Saved data entries:
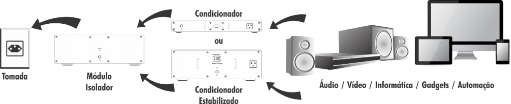 O uso generalizado da energia elétrica, elevou a consciência sobre a qualidade do fornecimento e seus efeitos. Cada vez mais os aparelhos são ‘dirigidos’ por microprocessadores altamente velozes e altamente sensíveis aos distúrbios presentes na rede elétrica. Sabemos que se dispõe de soluções econômicas para limitar ou eliminar os efeitos da má qualidade da energia elétrica mas, essas soluções têm que ser dedicadas e especificamente projetadas para o fim a que se destinam. Equipamentos de áudio & vídeo nos impõe, no projeto, características diferentes dos de informática que, por sua vez, requerem especificações diferentes dos eletrodomésticos e assim sucessivamente – então cada segmento requer um ‘Guardião’ treinado especificamente para cada batalha que se apresenta, ou seja, o tratamento de energia requerido varia conforme o equipamento a ser alimentado. É o caso dos filtros, estabilizadores e transformadores de tensão que, no caso de áudio & vídeo, têm que ser especificamente projetados para esta aplicação sob pena de comprometerem a coloração do som e imagem, o equilíbrio tonal, o corpo harmônico, entre outros prejuízos. Esse ‘Guardião’, no caso do som e da imagem, se chama Condicionador Estabilizado de Energia, que tem seu funcionamento capaz de tratar a rede elétrica, estabilizando, eliminando ruídos, ondas eletromagnéticas e cujo funcionamento seja transparente, neutro e que traga vantagens sonoras e visuais, ou seja, que proporcione significativa melhora do áudio e do vídeo. Como radiografia básica do Condicionador, destacamos:
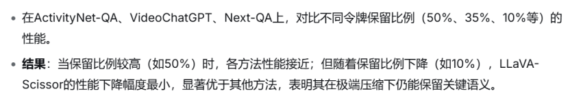 保留比例:整个视频经过压缩后,最终保留下来的令牌总数,占原始输入令牌总数的百分比。 - 语义损失分析:当保留比例低于35%(如10%、3%),所有方法性能急剧下降,但LLaVA-Scissor的下降幅度最小。例如在3%保留时,LLaVA-Scissor仍保持86.8%的原始性能,比FastV高出6.1%,证明其能更好地保留关键语义。
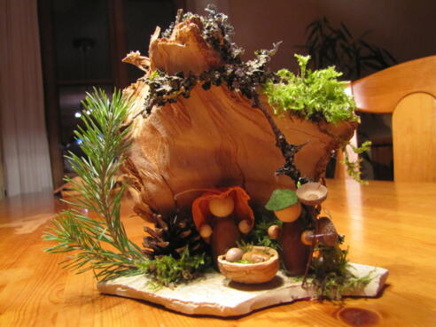- Basteln mit den Früchten des Waldes: Christbaumanhänger, kleine Kripperl
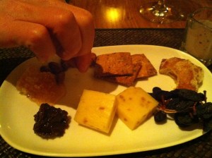 For dessert, I had a cheese plate with a local Gouda, house-made sesame crackers, jam and honeycomb. I love having cheese for my last course, and this was really great.  The Gouda was slightly sharp and paired well with the crackers and honey.
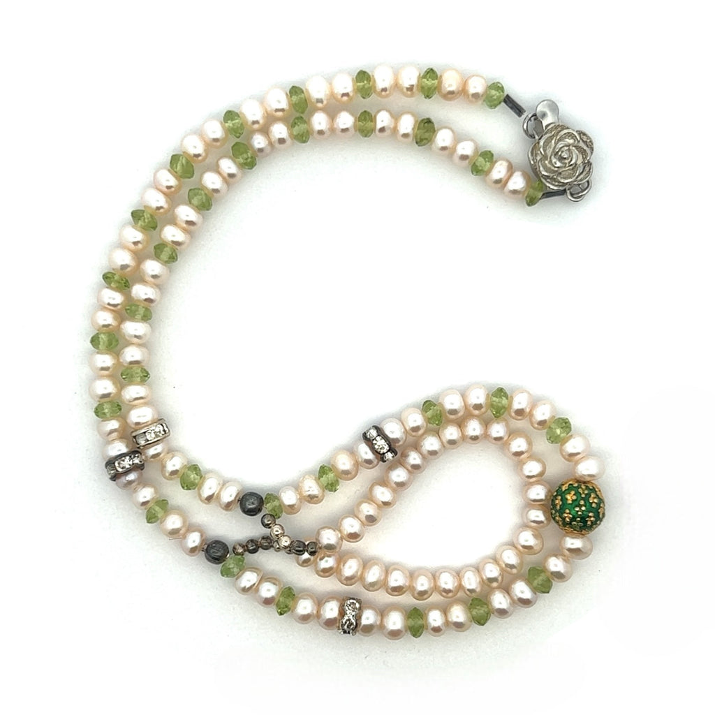 Natural Peridot Pearl Semiprecious Handmade Necklace

THE TASK:
Could you set down the records above exactly, skipping any picture?

RESPONSE BELOW:
 O uso generalizado da energia elétrica, elevou a consciência sobre a qualidade do fornecimento e seus efeitos. Cada vez mais os aparelhos são ‘dirigidos’ por microprocessadores altamente velozes e altamente sensíveis aos distúrbios presentes na rede elétrica. Sabemos que se dispõe de soluções econômicas para limitar ou eliminar os efeitos da má qualidade da energia elétrica mas, essas soluções têm que ser dedicadas e especificamente projetadas para o fim a que se destinam. Equipamentos de áudio & vídeo nos impõe, no projeto, características diferentes dos de informática que, por sua vez, requerem especificações diferentes dos eletrodomésticos e assim sucessivamente – então cada segmento requer um ‘Guardião’ treinado especificamente para cada batalha que se apresenta, ou seja, o tratamento de energia requerido varia conforme o equipamento a ser alimentado. É o caso dos filtros, estabilizadores e transformadores de tensão que, no caso de áudio & vídeo, têm que ser especificamente projetados para esta aplicação sob pena de comprometerem a coloração do som e imagem, o equilíbrio tonal, o corpo harmônico, entre outros prejuízos. Esse ‘Guardião’, no caso do som e da imagem, se chama Condicionador Estabilizado de Energia, que tem seu funcionamento capaz de tratar a rede elétrica, estabilizando, eliminando ruídos, ondas eletromagnéticas e cujo funcionamento seja transparente, neutro e que traga vantagens sonoras e visuais, ou seja, que proporcione significativa melhora do áudio e do vídeo. Como radiografia básica do Condicionador, destacamos:
 保留比例:整个视频经过压缩后,最终保留下来的令牌总数,占原始输入令牌总数的百分比。 - 语义损失分析:当保留比例低于35%(如10%、3%),所有方法性能急剧下降,但LLaVA-Scissor的下降幅度最小。例如在3%保留时,LLaVA-Scissor仍保持86.8%的原始性能,比FastV高出6.1%,证明其能更好地保留关键语义。
- Basteln mit den Früchten des Waldes: Christbaumanhänger, kleine Kripperl
 For dessert, I had a cheese plate with a local Gouda, house-made sesame crackers, jam and honeycomb. I love having cheese for my last course, and this was really great.  The Gouda was slightly sharp and paired well with the crackers and honey.
 Natural Peridot Pearl Semiprecious Handmade Necklace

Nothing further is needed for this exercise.